Residual networks, as discrete approximations of Ordinary Differential Equations (ODEs), have inspired significant advancements in neural network design, including multistep methods, high-order methods, and multi-particle dynamical systems. The precision of the solution to ODEs significantly affects parameter optimization, thereby impacting model performance. In this work, we present a series of advanced explorations of Transformer architecture design to minimize the error compared to the true ``solution.'' First, we introduce a predictor-corrector learning framework to minimize truncation errors, which consists of a high-order predictor and a multistep corrector. Second, we propose an exponential moving average-based coefficient learning method to strengthen our higher-order predictor. Extensive experiments on large-scale machine translation, abstractive summarization, language modeling, and natural language understanding benchmarks demonstrate the superiority of our approach. On the WMT'14 English-German and English-French tasks, our model achieved BLEU scores of 30.95 and 44.27, respectively. Furthermore, on the OPUS multilingual machine translation task, our model surpasses a robust 3.8B DeepNet by an average of 2.9 SacreBLEU, using only 1/3 parameters. Notably, it also beats LLama models by 5.7 accuracy points on the LM Harness Evaluation.
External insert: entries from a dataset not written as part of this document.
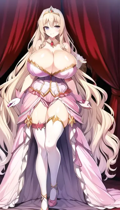 1)Russelior von Diamante, Blond, Long hair, Wavy hair, Grey eyes, (Huge Breasts:1.2), Pale skin, Young, Ankle-Strap Shoes, Bridal Gauntlet, Choker, Detached Sleeves, Gloves, Necklace, Strapless Dress, pink dress, ruffled dress, cleavage, Thigh-high Stockings, Tiara, High Heeled Shoes, Princess, detailed face and eyes, good anatomy, masterpiece, highest quality, intricate details,
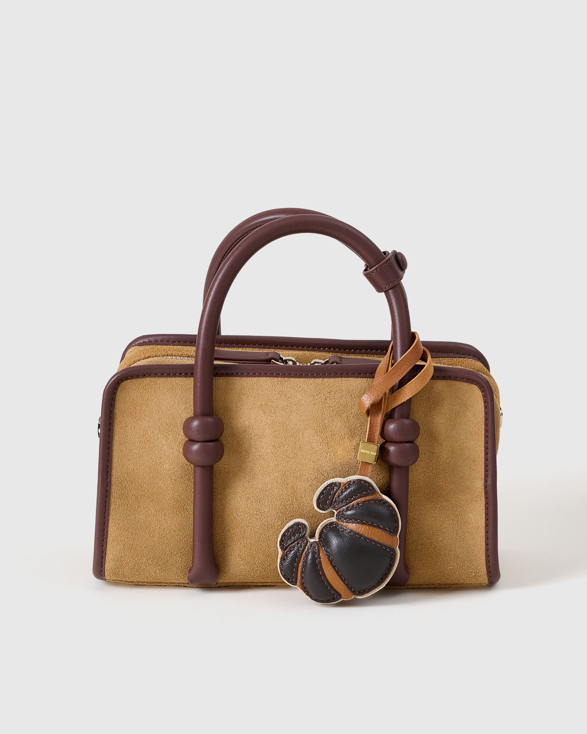 The BLACK CROISSANT CHARM from STICKY ZOO® captures the quiet luxury of a Parisian café night. Handcrafted from French Alran leather with warm caramel stitching, this charm moves seamlessly from bag charm to keychain—a timeless accent for lovers of French design.
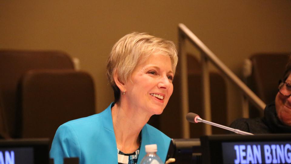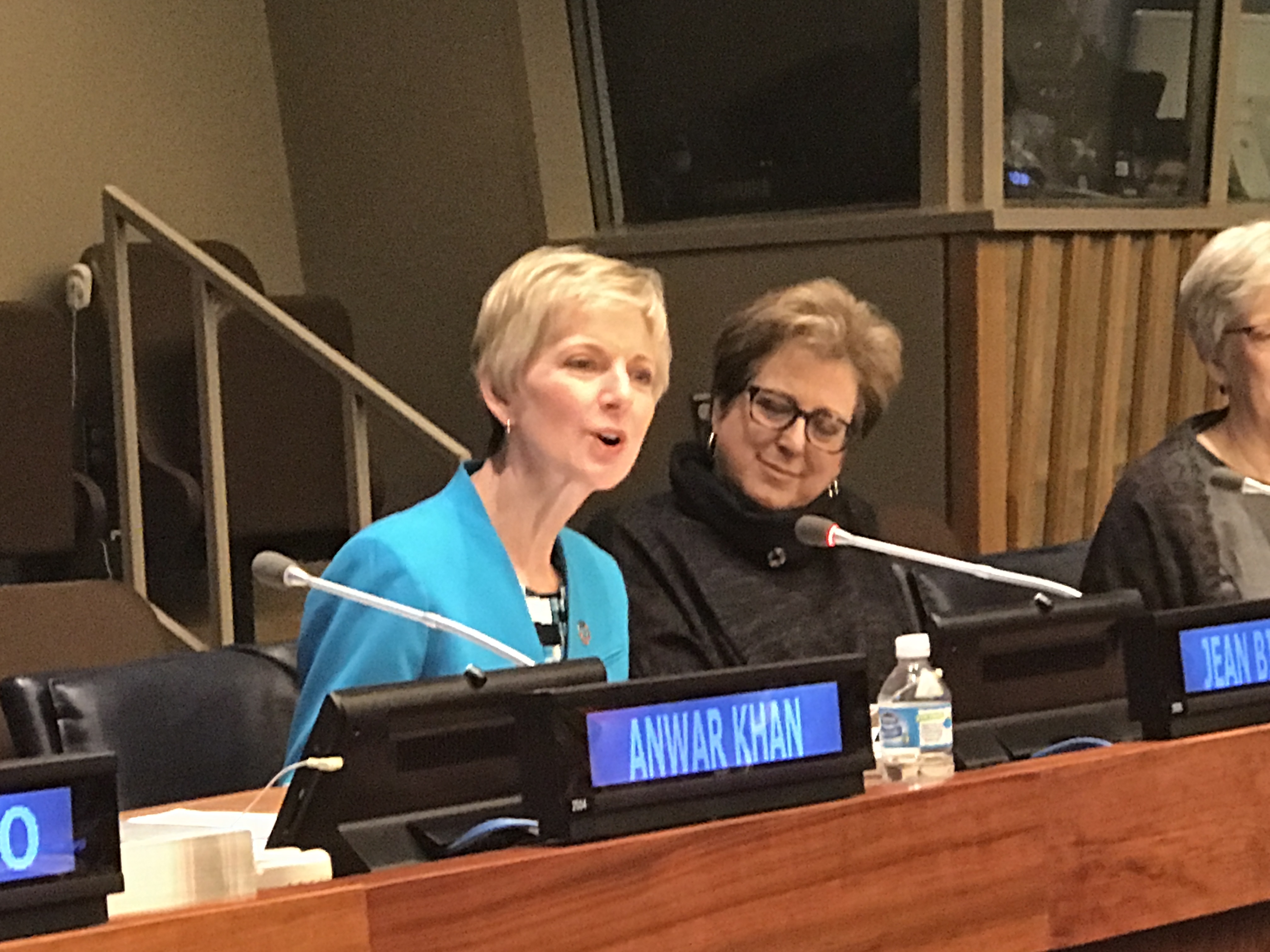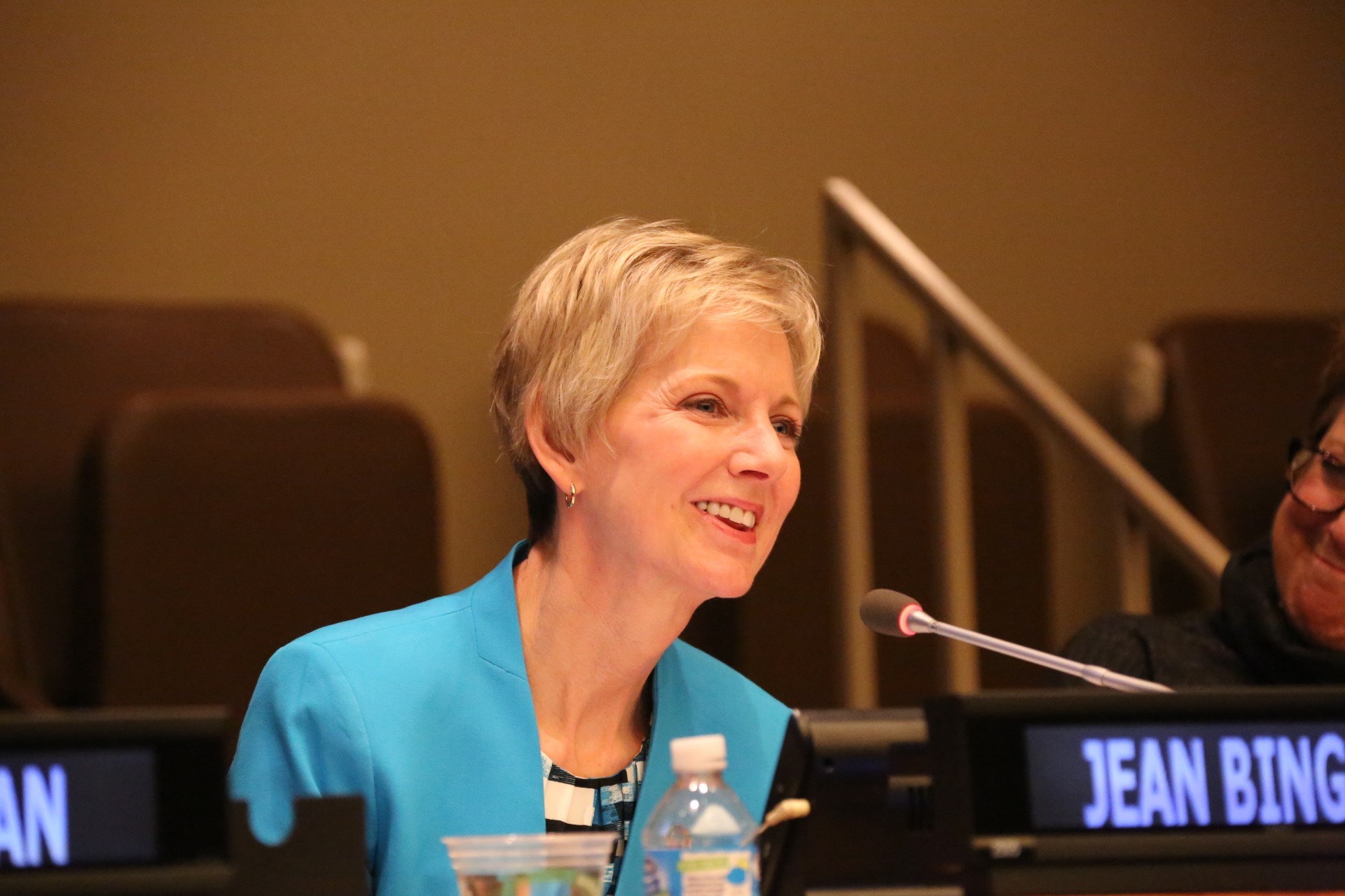 Sister Jean B. Bingham, the new general president of the Relief Society of The Church of Jesus Christ of Latter-day Saints, spoke at the United Nations in New York City Thursday on the Church’s humanitarian efforts during a faith-based “Focus on Faith” panel discussion. The annual briefing was sponsored by the U.N. Department of Public Information.
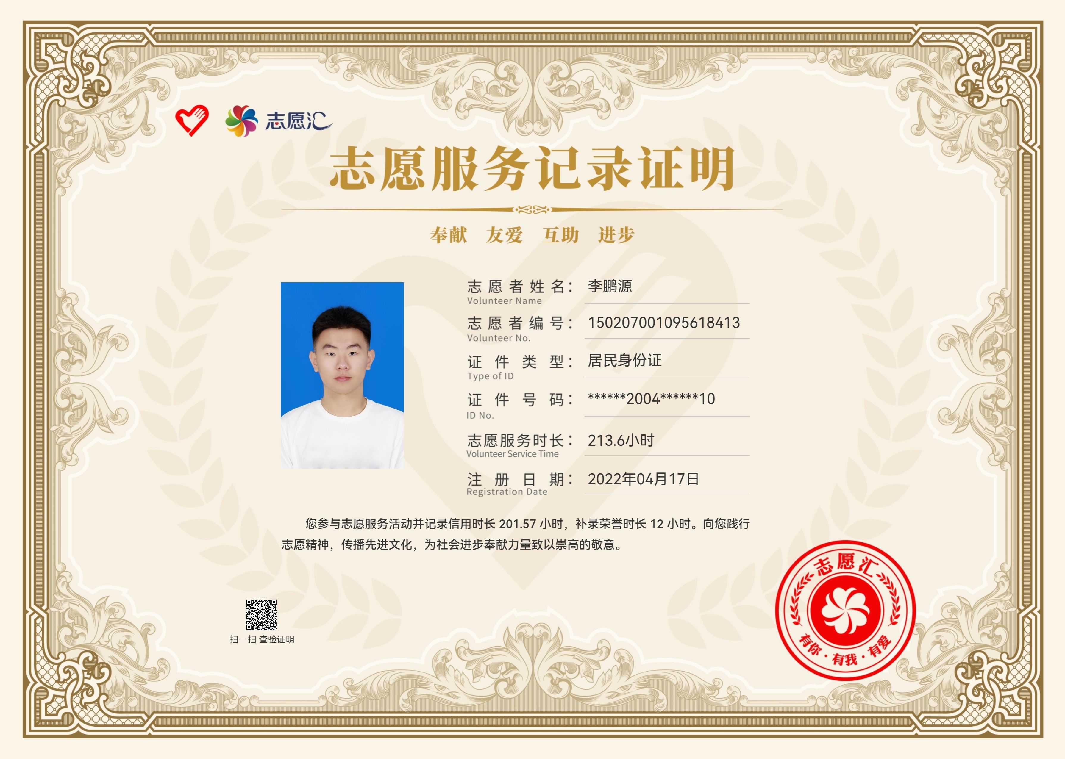 青年的担当不是口号,而是奉献青春,李鹏源同学怀揣着一颗热忱的奉献之心,在志愿的道路上也稳步前行。在日常生活中投身志愿活动20余次,累计志愿时长超200余小时,多次评为“优秀志愿者”展现属于当代大学生的青春风采。

翻译：残差网络作为常微分方程（ODEs）的离散近似，已推动了神经网络设计的重大进展，包括多步方法、高阶方法和多粒子动力系统。ODE求解的精度显著影响参数优化，进而影响模型性能。本研究对Transformer架构设计进行了一系列前沿探索，旨在最小化与真实“解”之间的误差。首先，我们引入预测器-校正器学习框架以减小截断误差，该框架由高阶预测器和多步校正器构成。其次，我们提出基于指数移动平均的系数学习方法以增强高阶预测器。在大规模机器翻译、抽象摘要、语言建模和自然语言理解基准上的大量实验证明了我们方法的优越性。在WMT'14英德和英法任务上，我们的模型分别取得了30.95和44.27的BLEU分数。此外，在OPUS多语言机器翻译任务中，我们的模型仅使用1/3参数，平均超越强大的38亿参数DeepNet模型2.9个SacreBLEU分数。值得注意的是，在LM Harness评估中，它同样以5.7个准确率点优势超越LLama模型。